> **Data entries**
________________

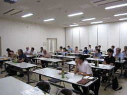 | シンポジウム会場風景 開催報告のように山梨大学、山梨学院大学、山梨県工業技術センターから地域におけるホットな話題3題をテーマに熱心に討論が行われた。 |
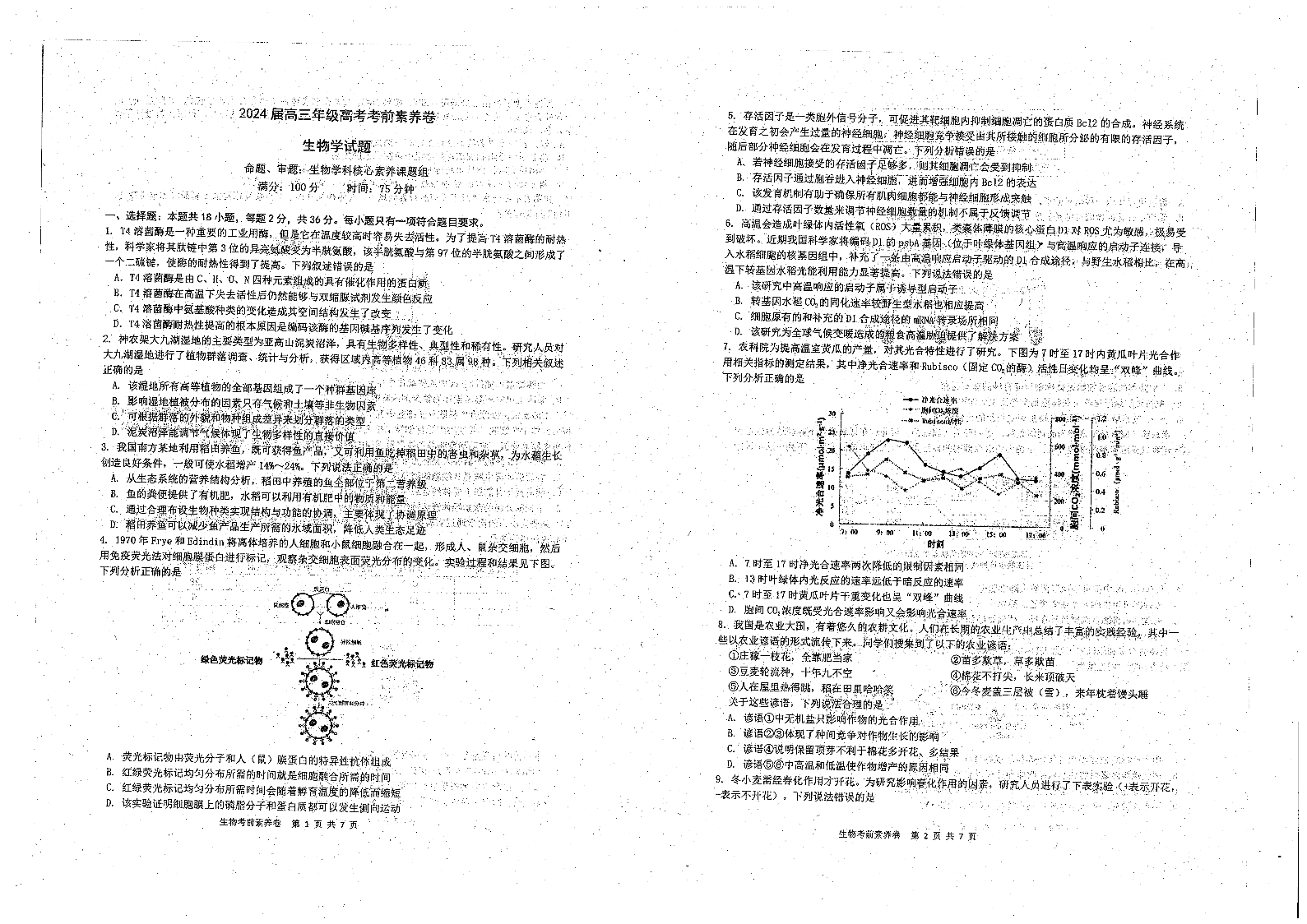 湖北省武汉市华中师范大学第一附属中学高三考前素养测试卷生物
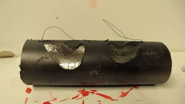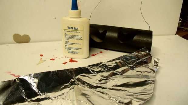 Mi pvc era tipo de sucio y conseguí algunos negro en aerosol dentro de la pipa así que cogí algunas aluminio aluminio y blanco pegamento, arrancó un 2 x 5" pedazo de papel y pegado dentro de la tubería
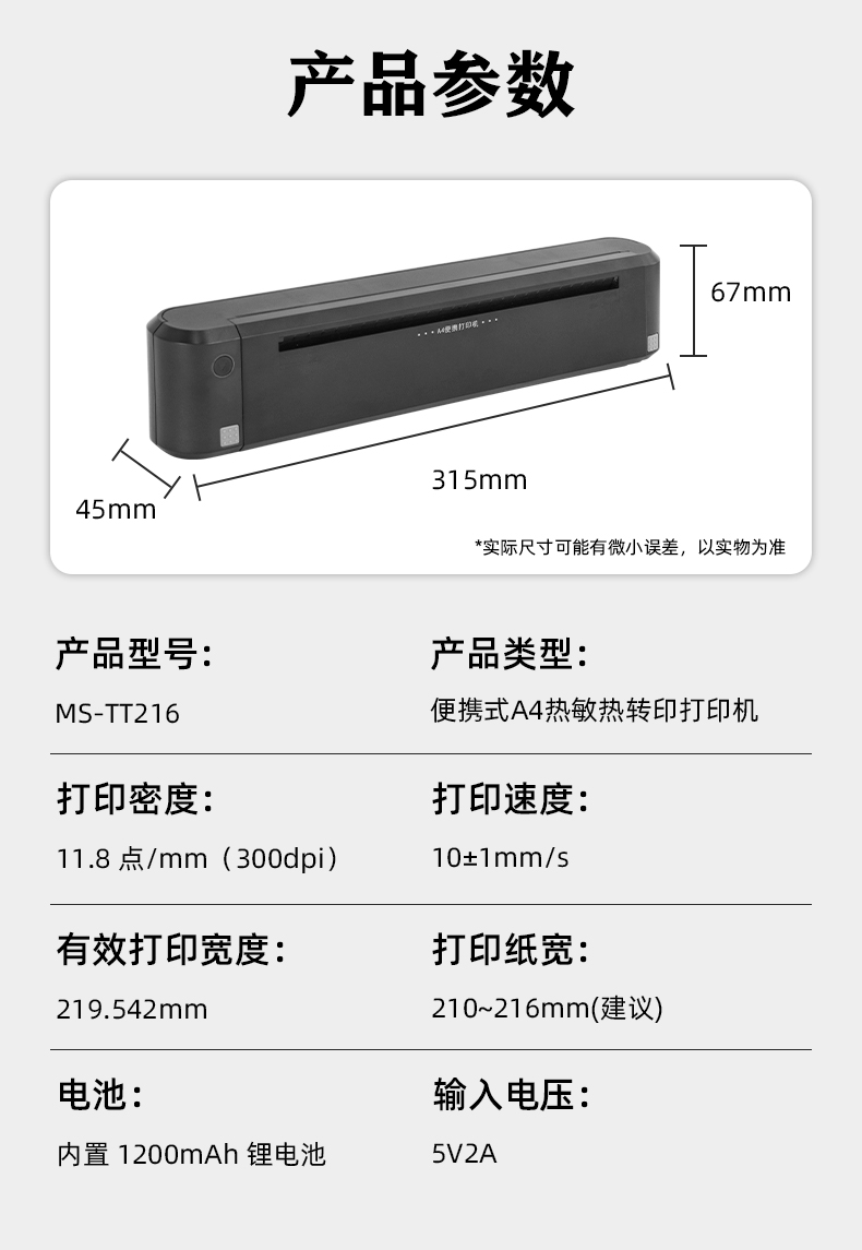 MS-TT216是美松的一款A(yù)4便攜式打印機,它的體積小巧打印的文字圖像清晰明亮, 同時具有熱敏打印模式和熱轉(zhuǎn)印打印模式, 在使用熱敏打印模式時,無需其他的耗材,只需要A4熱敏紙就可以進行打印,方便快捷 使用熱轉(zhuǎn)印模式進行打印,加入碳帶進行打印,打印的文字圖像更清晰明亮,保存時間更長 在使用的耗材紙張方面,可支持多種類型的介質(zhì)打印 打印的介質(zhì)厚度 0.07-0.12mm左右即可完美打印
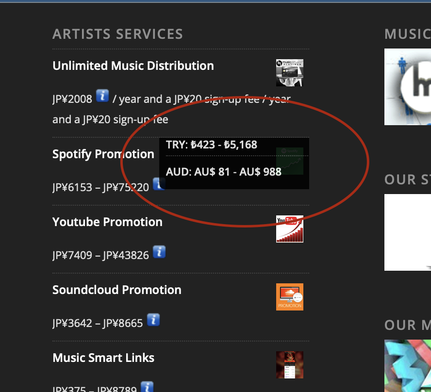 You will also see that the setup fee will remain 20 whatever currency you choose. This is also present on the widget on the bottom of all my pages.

________________

> **Your objective**
Extract exactly the lines above from the line containing "在使用的耗材紙張方面,可支持多種類型的介質(zhì)打印 打印的介質(zhì)厚度 0.07-0.12mm左右即可完美打印" through the last one, both ends included, but not the pictures.

> **Output**
 MS-TT216是美松的一款A(yù)4便攜式打印機,它的體積小巧打印的文字圖像清晰明亮, 同時具有熱敏打印模式和熱轉(zhuǎn)印打印模式, 在使用熱敏打印模式時,無需其他的耗材,只需要A4熱敏紙就可以進行打印,方便快捷 使用熱轉(zhuǎn)印模式進行打印,加入碳帶進行打印,打印的文字圖像更清晰明亮,保存時間更長 在使用的耗材紙張方面,可支持多種類型的介質(zhì)打印 打印的介質(zhì)厚度 0.07-0.12mm左右即可完美打印
 You will also see that the setup fee will remain 20 whatever currency you choose. This is also present on the widget on the bottom of all my pages.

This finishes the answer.